This is what King Cyrus of Persia says: The LORD God of heaven has given me all the kingdoms of the world. And he has ordered me to build a temple for him in Jerusalem (which is in Judah). May God be with all of you who are his people. You may go to Jerusalem (which is in Judah) and build a temple for the LORD God of Israel. He is the God who is in Jerusalem. All who choose to remain behind, wherever they may be living, should provide the people who are leaving with silver, gold, supplies, livestock, and freewill offerings to be used in God’s temple in Jerusalem. (Ezra 1:2-4)
King Cyrus was on top of the world. From mountainous Persia he ruled a vast empire; he was secure enough to allow the Jews to return to their homeland. In doing so he was God’s instrument, doing his will.

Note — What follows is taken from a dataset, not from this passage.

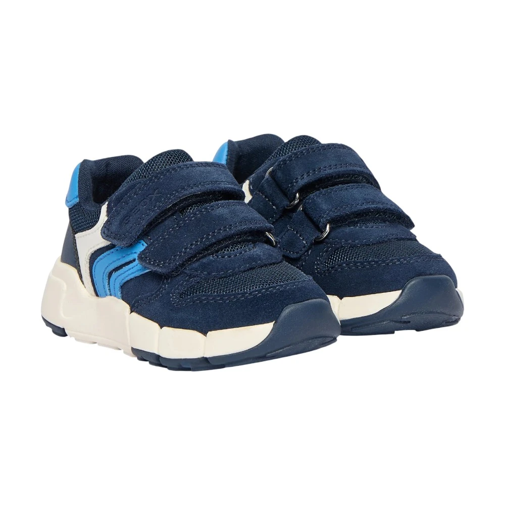 Верх выполнен из сочетания мягкой замши, прочного текстиля и износостойких синтетических материалов. Такая комбинация обеспечивает оптимальный баланс между комфортом, воздухопроницаемостью и устойчивостью к активной эксплуатации. Фирменная дышащая подошва Geox способствует естественной вентиляции стопы, помогая поддерживать ощущение сухости и комфорта в течение всего дня. Гибкая подошва поддерживает естественное движение стопы, а надёжная фиксация на липучках позволяет быстро и удобно обуваться без помощи взрослых. Кроссовки плотно сидят на ноге, не сковывают движения и подходят для активного образа жизни ребёнка.

But Cyrus had other choices to make, too. A man named Artembares had an idea: that the Persians abandon their mountainous homeland and settle in a richer part of their new empire, probably what is now Iraq. Cyrus told them that Artembares and his friends could do what they wanted, but that he wasn’t going anywhere: “’Soft countries,’ he said, ‘breed soft men. It is not the property of any one soil to produce fine fruits and good soldiers too.’ The Persians had to admit that this was true and that Cyrus was wiser than they; so they left him, and chose rather to live in a rugged land and rule than to cultivate rich plains and be subject to others.” (Herodotus, The Histories)
The Jews returned to their land and began to rebuild their temple. Cyrus’ descendants would rule from their rugged land for another two hundred years. And Cyrus’ decision still works: one reason why the U.S. attacked Iraq and not Iran (Persia) was because of the rugged terrain from whence Cyrus came.
We always want the “easy way” out, and our lives to always be smooth sailing. But rugged terrain—physically and in life—can build character and endurance in a way that nothing else can. Jesus Christ won us freedom on an old rugged cross: don’t throw it away for easy street!